State starting to shift aid to at-home care programs
Friday, Feb. 25, 2005 | 8:48 a.m.
People prefer home and community-based care for senior citizens, including assisted-living facilities, and it is cost-effective. But according to a recent report by the think tank arm of AARP, Nevada still does not spend enough of its $2.4 billion in Medicaid money on those forms of care.
Instead, the state continues to funnel about three times as much of its federal and state Medicaid dollars to institutions such as privately run nursing homes, Carol Sala, an administrator for Nevada's Division for Aging Services, said.
In part, this funding imbalance results from the fact that nursing homes have been around longer than at-home care services and are more expensive. Though the state has started to change the structure, shifting gears requires time, Sala said. In his latest budget, Gov. Kenny Guinn has proposed an increase of about $3.2 million in spending for the Medicaid program that pays for at-home care.
Charles Duarte, a state administrator who oversees the Medicaid program, said Nevada has made great strides in shifting money from long-term care institutions to at-home programs. As evidence of this, he pointed to the fact that the number of Nevadans in nursing homes has remained steady at just under 3,000 for a number of years even as the population has exploded, he said.
But the funding pattern worries some local advocates for senior citizens. They want more home and community-based services in place and adequately funded for people who need that safety net, they said. Medicaid covers long-term care only for older residents who are also poor.
In October 2002, state officials with the Department of Human Resources drafted a strategic plan for senior services calling for a major shift in funding to home and community-based programs from nursing homes, which are more costly than the other options.
The intent is to dramatically change the way Nevada addressed the long-term care needs of senior citizens as the state's population continued to grow. If the change is accomplished, the state should save money and be able to satisfy consumer's demand for at-home care.

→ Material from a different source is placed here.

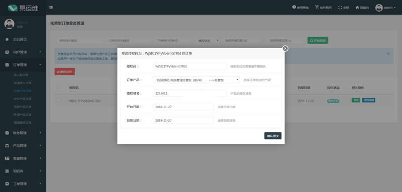 5、自助业务订单管理(可自助修改授权域名,即时生效)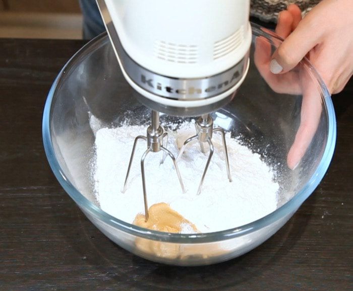 Взбить до однородности сыр с арахисовой пастой и сахарной пудрой.

More than two years down the line, the state has increased the number of slots in its Medicaid waiver program for at-home care, Mary Liveratti, the deputy director of the Department of Human Resources, said. And the governor's budget, if approved, would allow the state to increase the number of slots by several hundred more, Liveratti said.
But hundreds more people are waiting for slots to open up in the program, meaning demand for the subsidized service is not being met. As of January, an additional 996 people were waiting for one of the nearly 1,500 occupied slots budgeted for 2005, Sala said.
In the meantime, Medicaid is paying for 2,800 to live in nursing homes, Duarte said.
Compared with all other states and Washington, D.C., Nevada ranks 50th in home and community-based spending per capita in the recent report by AARP's Public Policy Institute. That amount averaged $30 in Nevada compared with an average of $95 in the rest of the nation.
This concerns Carla Sloan, the state director of AARP Nevada, who advocates increasing the state's budget for Medicaid waiver programs.
People want to grow old at home, she said. And programs that allow people to do that save the state money, she said.
The numbers also raise a flag for Mary Jo Gibson, the senior policy advisor from the AARP think tank. In part, that's because the population of residents 85 and over is growing faster here than in any other state in the country, she said. And Nevada's population growth among residents 65 and over is surpassed by only one state, Alaska.
The study also found housing affordability to be a problem for seniors in Nevada. Nearly 29 percent of Nevada homeowners 65 and over spent 30 percent or more of their income on housing in 2002. The nationwide average was about 23 percent.
Also, about 65 percent of home renters 65 and over spent 30 percent or more of their incomes on housing in 2002 in Nevada, while that figure stood at about 60 percent nationwide.
And Medicaid spending on long-term care per capita was $91 in Nevada in 2003 compared with $288 in the nation as a whole, the report found.
Joanne Alleva, a 64-year-old retiree from Millersville, Md. who along with her husband Fred, 71, leads a line-dancing class three times a week, does not want to think about long-term care, she said recently while observing a class at Henderson's Multigenerational Center on Green Valley Parkway.
However, Alleva said she and her husband could cover the cost of an assisted living facility should they need one.
"We're OK, but there are some people who are not," Alleva said. "They depend on Social Security and it's not enough."
Annette Wright, 66, a dancer in Alleva's class, said she and her husband were not taking any chances on their long-term plans. They purchased long-term care insurance, which would cover a portion of the costs of nursing home or at-home care, if they needed it.
This option is one currently being touted by Gov. Kenny Guinn in television commercials urging residents between the ages of 50 and 70 to plan for their own long-term care.
An associate professor of aging issues at UNR's Cooperative Extension, Claudia Collins said it's not just up to residents to deal with issues of long-term care. Nevada officials should work to expand services for older residents now, before it is too late, she said. Retirees who buy houses and pour money into the economy today, will need costly care tomorrow, she added.
"We don't realize they're not going to be healthy and wealthy in 10 years," Collins said. "Some of them are going to need help, and we're overtaxed here."